**EXERCISE**.
Copy each line below exactly as it appears. Pictures are to be omitted.

**SUPPLIED INFORMATION**.
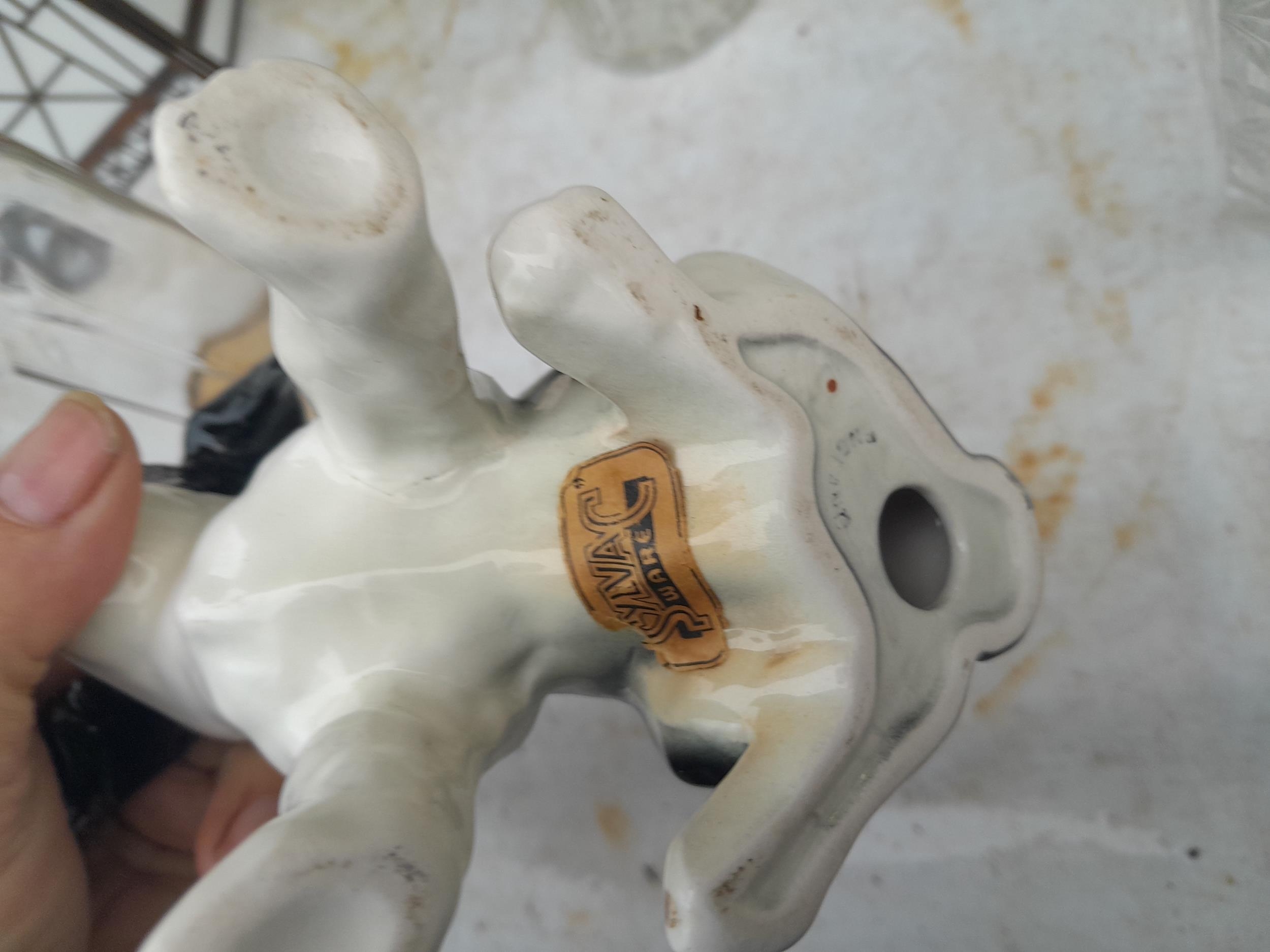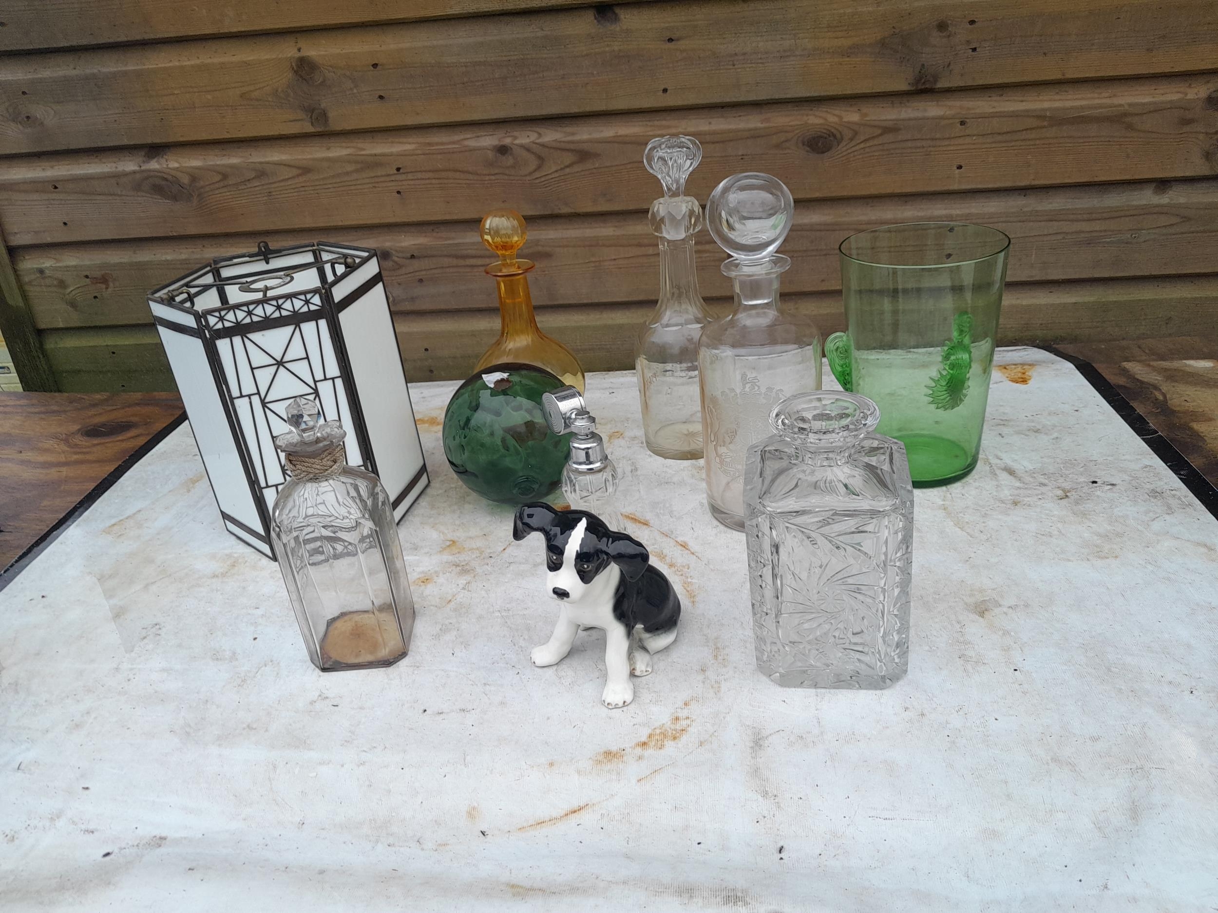 Decorative glassware, modern lamp shade, 19th century rum decanter, later decanters, restored Sylvac dog etc.
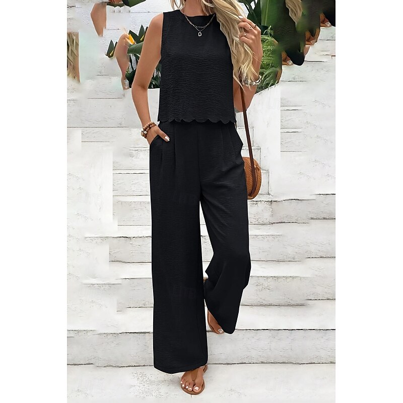 Highlights - Stylish and comfortable blouse - Versatile and trendy pants set - Classic crew neck neckline for a timeless look
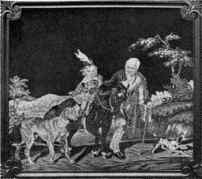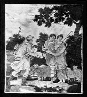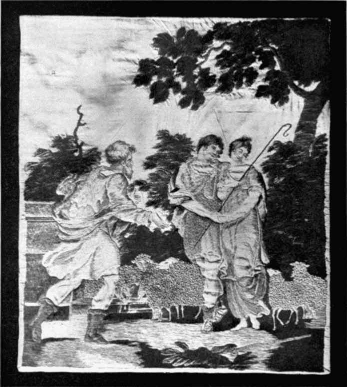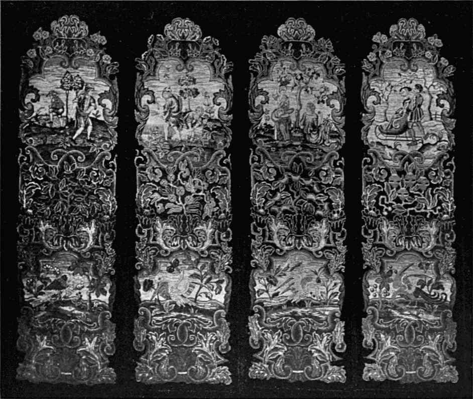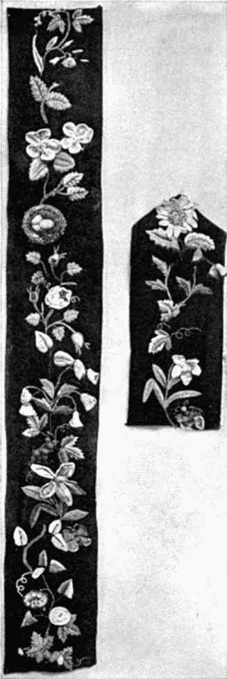 Embroidery became once more the most facile and successful of pursuits. Graduates from the Kensington School were employed as teachers in nearly all of the different societies, and in this way every city became the center of this new-old form of embroidery, for what is called "Kensington Embroidery" is in fact a far-away repetition of old triumphs of the British needle. I use the word "British" advisedly, for it was when England was known as Britain among the nations that her embroidery was a thing of almost priceless value. In modern English embroidery, the days of Queen Anne have been the limit of backward imitation; and, in fact, ancient English embroidery was a process of long and assiduous labor, as well as of knowledge and inspiration. Our hurried modern conditions would not encourage the repetition of the hand-breadth pictures in embroidery of the earliest specimens, where countless numbers of stitches were lavished upon a single production. The embroidered picture of The Garden of Eden described in chapter four is a specimen of the minute representation. These specimens are, to [111] the art of needlework, what the Dutch school of painting is to the great mural canvases of the present day.

**EXPECTED ANSWER**.
 Decorative glassware, modern lamp shade, 19th century rum decanter, later decanters, restored Sylvac dog etc.
 Highlights - Stylish and comfortable blouse - Versatile and trendy pants set - Classic crew neck neckline for a timeless look
 Embroidery became once more the most facile and successful of pursuits. Graduates from the Kensington School were employed as teachers in nearly all of the different societies, and in this way every city became the center of this new-old form of embroidery, for what is called "Kensington Embroidery" is in fact a far-away repetition of old triumphs of the British needle. I use the word "British" advisedly, for it was when England was known as Britain among the nations that her embroidery was a thing of almost priceless value. In modern English embroidery, the days of Queen Anne have been the limit of backward imitation; and, in fact, ancient English embroidery was a process of long and assiduous labor, as well as of knowledge and inspiration. Our hurried modern conditions would not encourage the repetition of the hand-breadth pictures in embroidery of the earliest specimens, where countless numbers of stitches were lavished upon a single production. The embroidered picture of The Garden of Eden described in chapter four is a specimen of the minute representation. These specimens are, to [111] the art of needlework, what the Dutch school of painting is to the great mural canvases of the present day.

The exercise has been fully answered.